**EXERCISE AIM:**
Apart from the pictures, every entry must be retyped exactly.

**MATERIALS PROVIDED:**
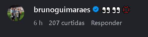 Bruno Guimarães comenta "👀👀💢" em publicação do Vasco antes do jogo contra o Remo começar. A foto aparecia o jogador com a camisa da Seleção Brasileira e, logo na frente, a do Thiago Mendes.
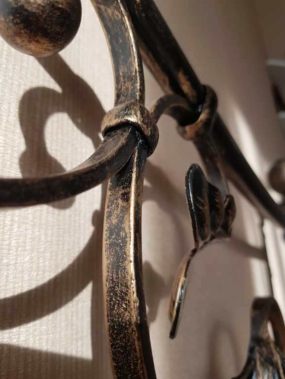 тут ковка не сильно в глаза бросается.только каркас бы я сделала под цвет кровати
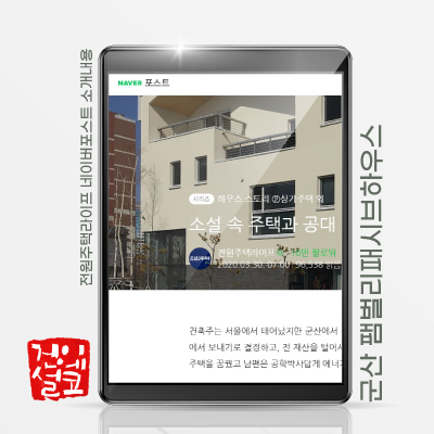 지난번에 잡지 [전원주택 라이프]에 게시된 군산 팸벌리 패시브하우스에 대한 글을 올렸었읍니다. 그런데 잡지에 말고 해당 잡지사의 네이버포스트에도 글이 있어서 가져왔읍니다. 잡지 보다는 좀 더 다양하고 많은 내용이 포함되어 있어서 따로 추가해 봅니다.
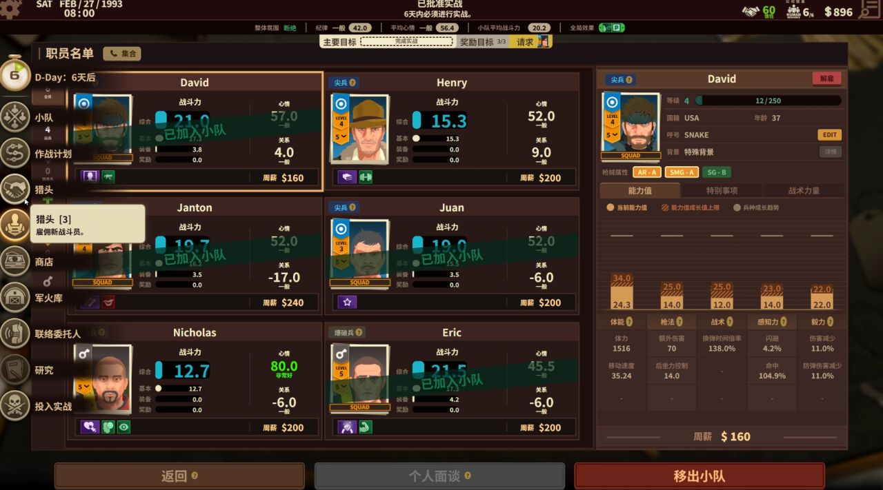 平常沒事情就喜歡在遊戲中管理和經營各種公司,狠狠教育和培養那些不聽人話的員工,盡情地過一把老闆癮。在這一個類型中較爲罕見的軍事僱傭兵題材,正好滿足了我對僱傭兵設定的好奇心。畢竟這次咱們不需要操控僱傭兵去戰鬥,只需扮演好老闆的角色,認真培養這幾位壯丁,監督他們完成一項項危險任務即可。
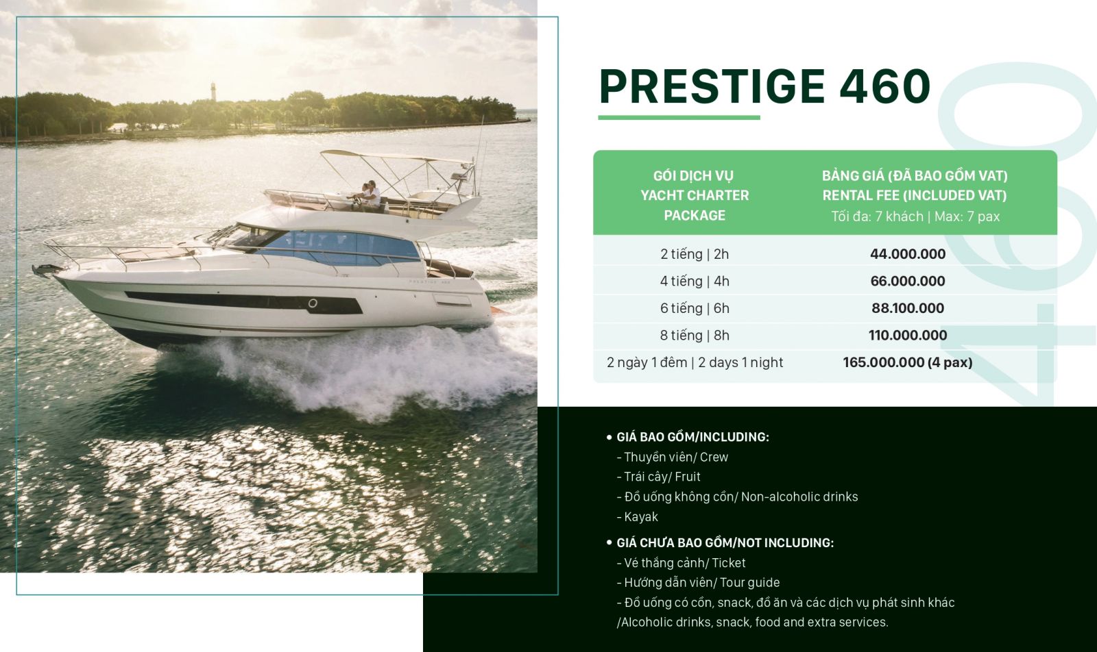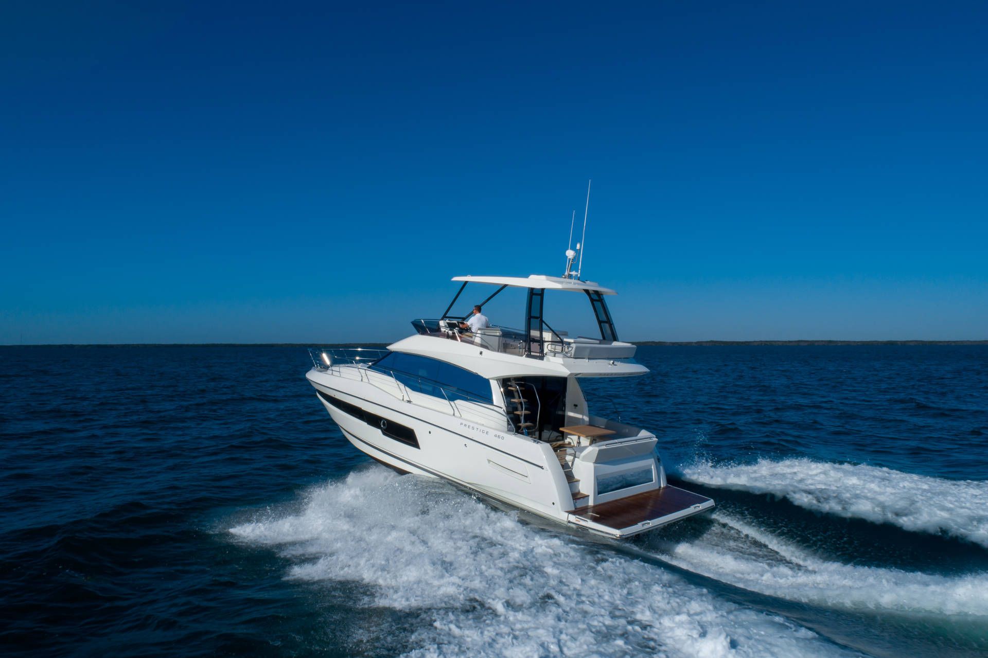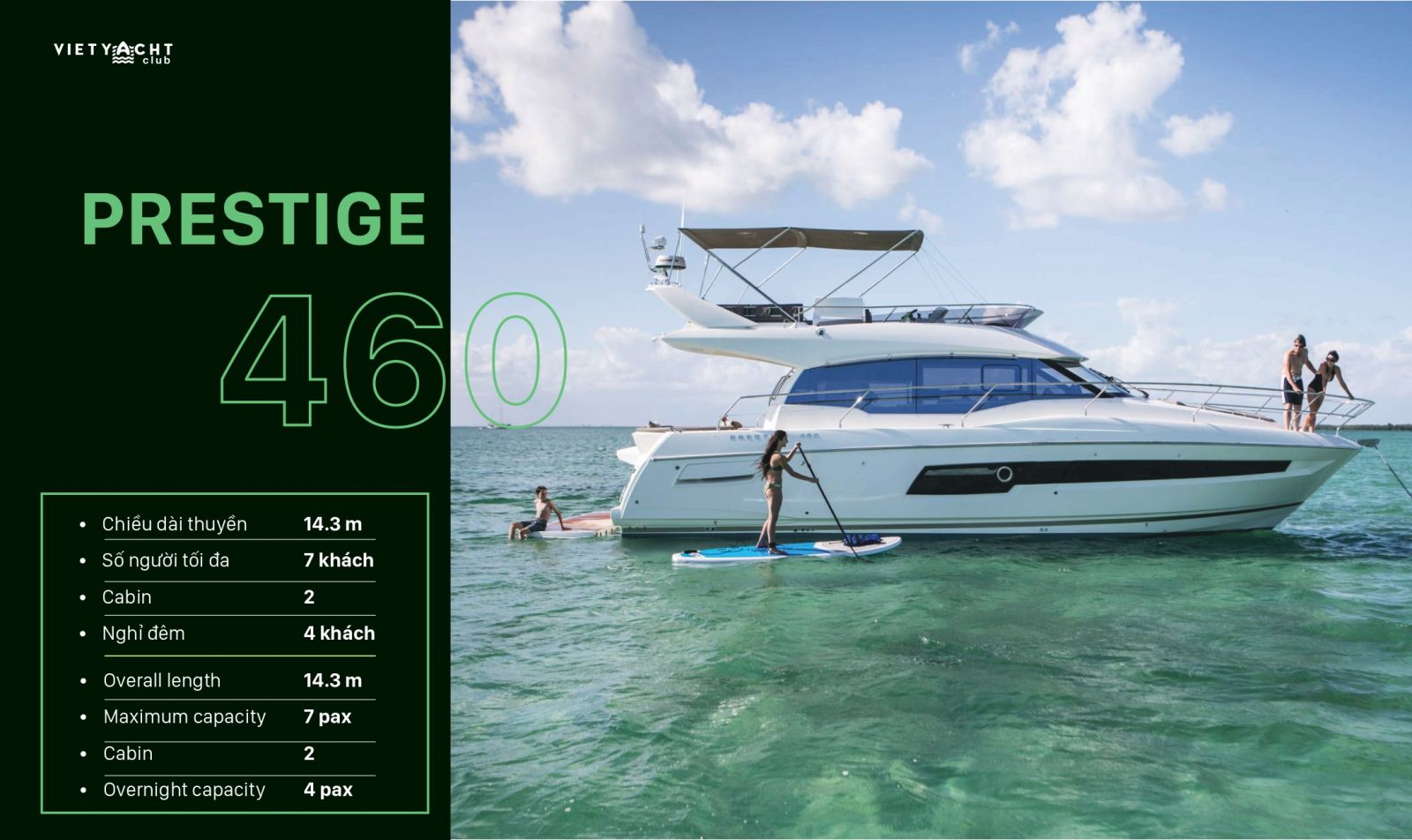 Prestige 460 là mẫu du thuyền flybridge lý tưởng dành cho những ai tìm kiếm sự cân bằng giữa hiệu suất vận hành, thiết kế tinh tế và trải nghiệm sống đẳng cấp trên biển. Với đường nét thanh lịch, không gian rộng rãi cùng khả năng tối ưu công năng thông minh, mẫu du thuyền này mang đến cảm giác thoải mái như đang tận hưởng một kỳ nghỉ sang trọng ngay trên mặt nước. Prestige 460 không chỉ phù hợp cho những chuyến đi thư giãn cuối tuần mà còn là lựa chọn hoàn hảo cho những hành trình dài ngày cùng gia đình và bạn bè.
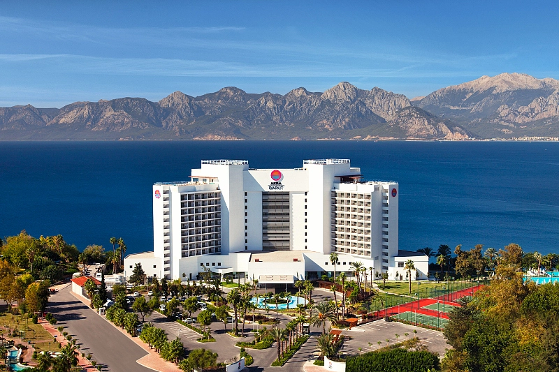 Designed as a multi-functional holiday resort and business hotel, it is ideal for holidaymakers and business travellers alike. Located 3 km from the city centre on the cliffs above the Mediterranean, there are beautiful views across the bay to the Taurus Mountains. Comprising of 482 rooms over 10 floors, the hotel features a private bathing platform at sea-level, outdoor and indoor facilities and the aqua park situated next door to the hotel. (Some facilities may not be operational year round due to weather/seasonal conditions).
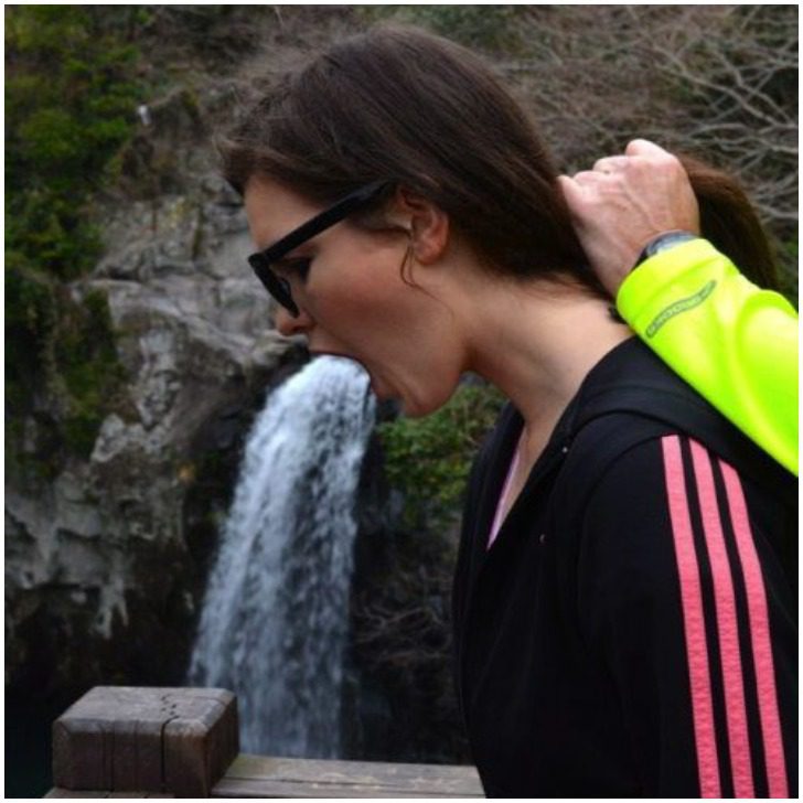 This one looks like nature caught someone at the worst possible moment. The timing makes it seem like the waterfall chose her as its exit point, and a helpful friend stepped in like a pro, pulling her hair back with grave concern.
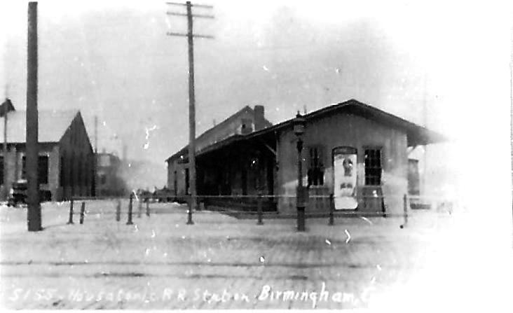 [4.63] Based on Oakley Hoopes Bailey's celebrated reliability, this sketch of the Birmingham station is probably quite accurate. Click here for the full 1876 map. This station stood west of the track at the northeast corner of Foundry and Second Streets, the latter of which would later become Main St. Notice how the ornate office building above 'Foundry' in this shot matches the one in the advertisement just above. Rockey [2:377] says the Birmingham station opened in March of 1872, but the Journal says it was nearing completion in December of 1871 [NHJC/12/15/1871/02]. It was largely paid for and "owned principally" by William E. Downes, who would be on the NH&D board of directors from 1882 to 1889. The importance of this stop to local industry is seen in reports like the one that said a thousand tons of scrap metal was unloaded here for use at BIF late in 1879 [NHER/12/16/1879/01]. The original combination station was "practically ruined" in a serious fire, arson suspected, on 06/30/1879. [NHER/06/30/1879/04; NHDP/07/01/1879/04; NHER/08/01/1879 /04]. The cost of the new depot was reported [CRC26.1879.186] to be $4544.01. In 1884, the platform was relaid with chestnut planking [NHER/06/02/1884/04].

**OUTPUT:**
 Bruno Guimarães comenta "👀👀💢" em publicação do Vasco antes do jogo contra o Remo começar. A foto aparecia o jogador com a camisa da Seleção Brasileira e, logo na frente, a do Thiago Mendes.
 тут ковка не сильно в глаза бросается.только каркас бы я сделала под цвет кровати
 지난번에 잡지 [전원주택 라이프]에 게시된 군산 팸벌리 패시브하우스에 대한 글을 올렸었읍니다. 그런데 잡지에 말고 해당 잡지사의 네이버포스트에도 글이 있어서 가져왔읍니다. 잡지 보다는 좀 더 다양하고 많은 내용이 포함되어 있어서 따로 추가해 봅니다.
 平常沒事情就喜歡在遊戲中管理和經營各種公司,狠狠教育和培養那些不聽人話的員工,盡情地過一把老闆癮。在這一個類型中較爲罕見的軍事僱傭兵題材,正好滿足了我對僱傭兵設定的好奇心。畢竟這次咱們不需要操控僱傭兵去戰鬥,只需扮演好老闆的角色,認真培養這幾位壯丁,監督他們完成一項項危險任務即可。
 Prestige 460 là mẫu du thuyền flybridge lý tưởng dành cho những ai tìm kiếm sự cân bằng giữa hiệu suất vận hành, thiết kế tinh tế và trải nghiệm sống đẳng cấp trên biển. Với đường nét thanh lịch, không gian rộng rãi cùng khả năng tối ưu công năng thông minh, mẫu du thuyền này mang đến cảm giác thoải mái như đang tận hưởng một kỳ nghỉ sang trọng ngay trên mặt nước. Prestige 460 không chỉ phù hợp cho những chuyến đi thư giãn cuối tuần mà còn là lựa chọn hoàn hảo cho những hành trình dài ngày cùng gia đình và bạn bè.
 Designed as a multi-functional holiday resort and business hotel, it is ideal for holidaymakers and business travellers alike. Located 3 km from the city centre on the cliffs above the Mediterranean, there are beautiful views across the bay to the Taurus Mountains. Comprising of 482 rooms over 10 floors, the hotel features a private bathing platform at sea-level, outdoor and indoor facilities and the aqua park situated next door to the hotel. (Some facilities may not be operational year round due to weather/seasonal conditions).
 This one looks like nature caught someone at the worst possible moment. The timing makes it seem like the waterfall chose her as its exit point, and a helpful friend stepped in like a pro, pulling her hair back with grave concern.
 [4.63] Based on Oakley Hoopes Bailey's celebrated reliability, this sketch of the Birmingham station is probably quite accurate. Click here for the full 1876 map. This station stood west of the track at the northeast corner of Foundry and Second Streets, the latter of which would later become Main St. Notice how the ornate office building above 'Foundry' in this shot matches the one in the advertisement just above. Rockey [2:377] says the Birmingham station opened in March of 1872, but the Journal says it was nearing completion in December of 1871 [NHJC/12/15/1871/02]. It was largely paid for and "owned principally" by William E. Downes, who would be on the NH&D board of directors from 1882 to 1889. The importance of this stop to local industry is seen in reports like the one that said a thousand tons of scrap metal was unloaded here for use at BIF late in 1879 [NHER/12/16/1879/01]. The original combination station was "practically ruined" in a serious fire, arson suspected, on 06/30/1879. [NHER/06/30/1879/04; NHDP/07/01/1879/04; NHER/08/01/1879 /04]. The cost of the new depot was reported [CRC26.1879.186] to be $4544.01. In 1884, the platform was relaid with chestnut planking [NHER/06/02/1884/04].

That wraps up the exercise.